START Input
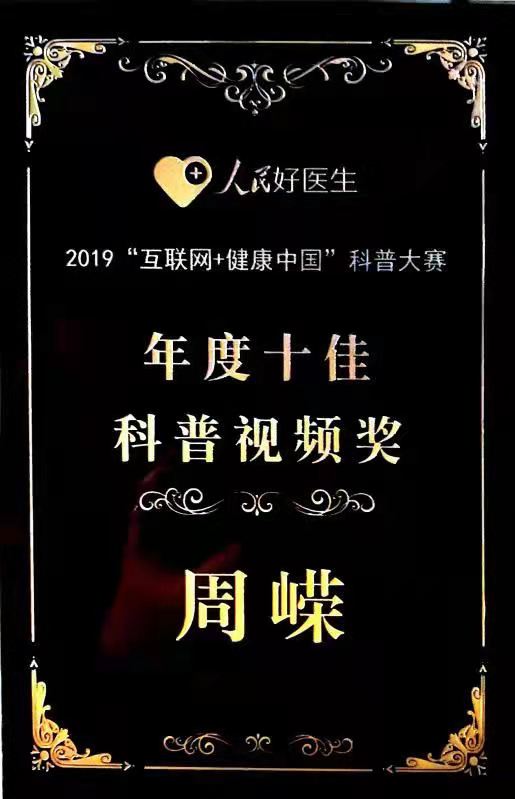 2020年 獲第二屆“互聯(lián)網+健康中國”科普大賽“科普達人獎”
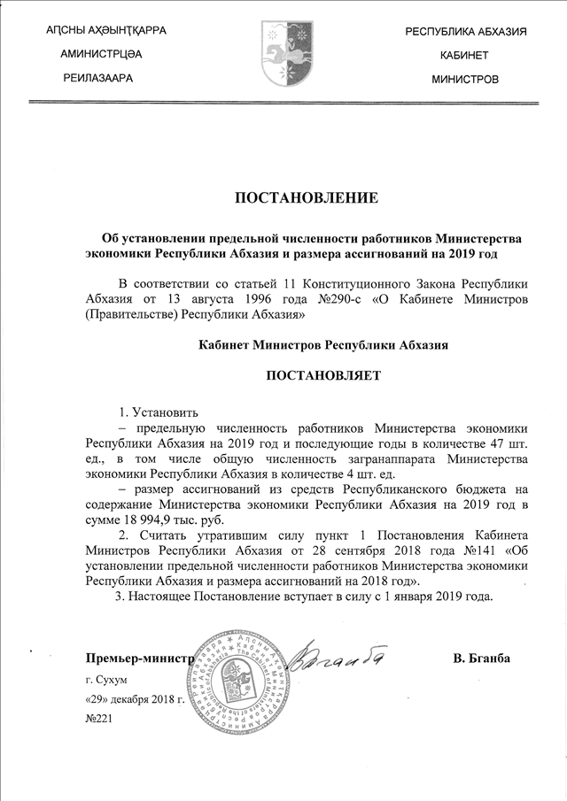 Постановление Кабинета Министров Республики Абхазия от 29.12.2018 № 221 "Об установлении предельной численности работников Министерства экономики Республики Абхазия и размера ассигнований на 2019 год"
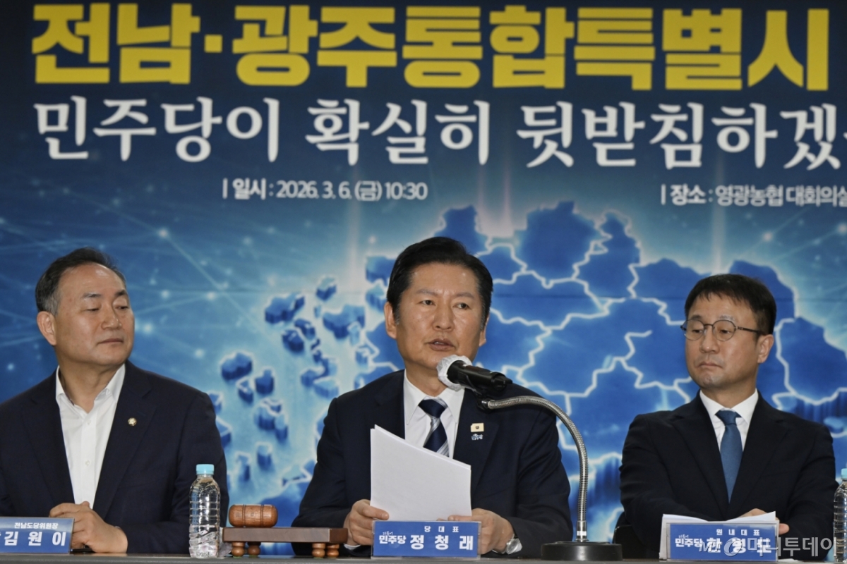 ![[영광=뉴시스] 박기웅 기자 = 정청래 더불어민주당 대표가 6일 오전 전남 영광군 영광농협 대회의실에서 열린 민주당 전남 현장 최고위원회에서 발언을 하고 있다. 2026.03.06. pboxer@newsis.com /사진=박기웅](https://thumb.mt.co.kr/cdn-cgi/image/f=avif/21/2026/03/2026030610583940008_1.jpg)
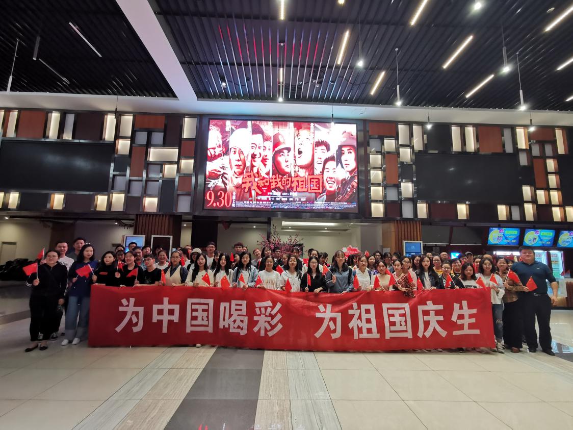 活动开始,全体师生代表站在《我和我的祖国》电影屏幕前共同合影。合影结束后,全体人员一同进入观影厅进行观影。电影结束后,每个人脸上都洋溢着对祖国的骄傲自豪之情,有些同志红了眼眶,还有同志坐在座位上久久不愿离去。
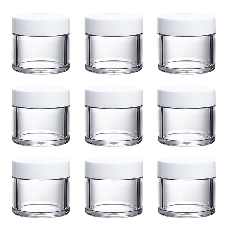 ccHuDE 10 Pcs 30 ml 1 oz Refillable Plastic Jars Small Cosmetic Jars Round Clear Jars Empty Creams Jars Makeup Sample Containers with Lid White
END Input
Exercise
The answer must be the full set of records, repeated exactly, with no pictures.

Task output
 2020年 獲第二屆“互聯(lián)網+健康中國”科普大賽“科普達人獎”
 Постановление Кабинета Министров Республики Абхазия от 29.12.2018 № 221 "Об установлении предельной численности работников Министерства экономики Республики Абхазия и размера ассигнований на 2019 год"
 ![[영광=뉴시스] 박기웅 기자 = 정청래 더불어민주당 대표가 6일 오전 전남 영광군 영광농협 대회의실에서 열린 민주당 전남 현장 최고위원회에서 발언을 하고 있다. 2026.03.06. pboxer@newsis.com /사진=박기웅](https://thumb.mt.co.kr/cdn-cgi/image/f=avif/21/2026/03/2026030610583940008_1.jpg)
 活动开始,全体师生代表站在《我和我的祖国》电影屏幕前共同合影。合影结束后,全体人员一同进入观影厅进行观影。电影结束后,每个人脸上都洋溢着对祖国的骄傲自豪之情,有些同志红了眼眶,还有同志坐在座位上久久不愿离去。
 ccHuDE 10 Pcs 30 ml 1 oz Refillable Plastic Jars Small Cosmetic Jars Round Clear Jars Empty Creams Jars Makeup Sample Containers with Lid White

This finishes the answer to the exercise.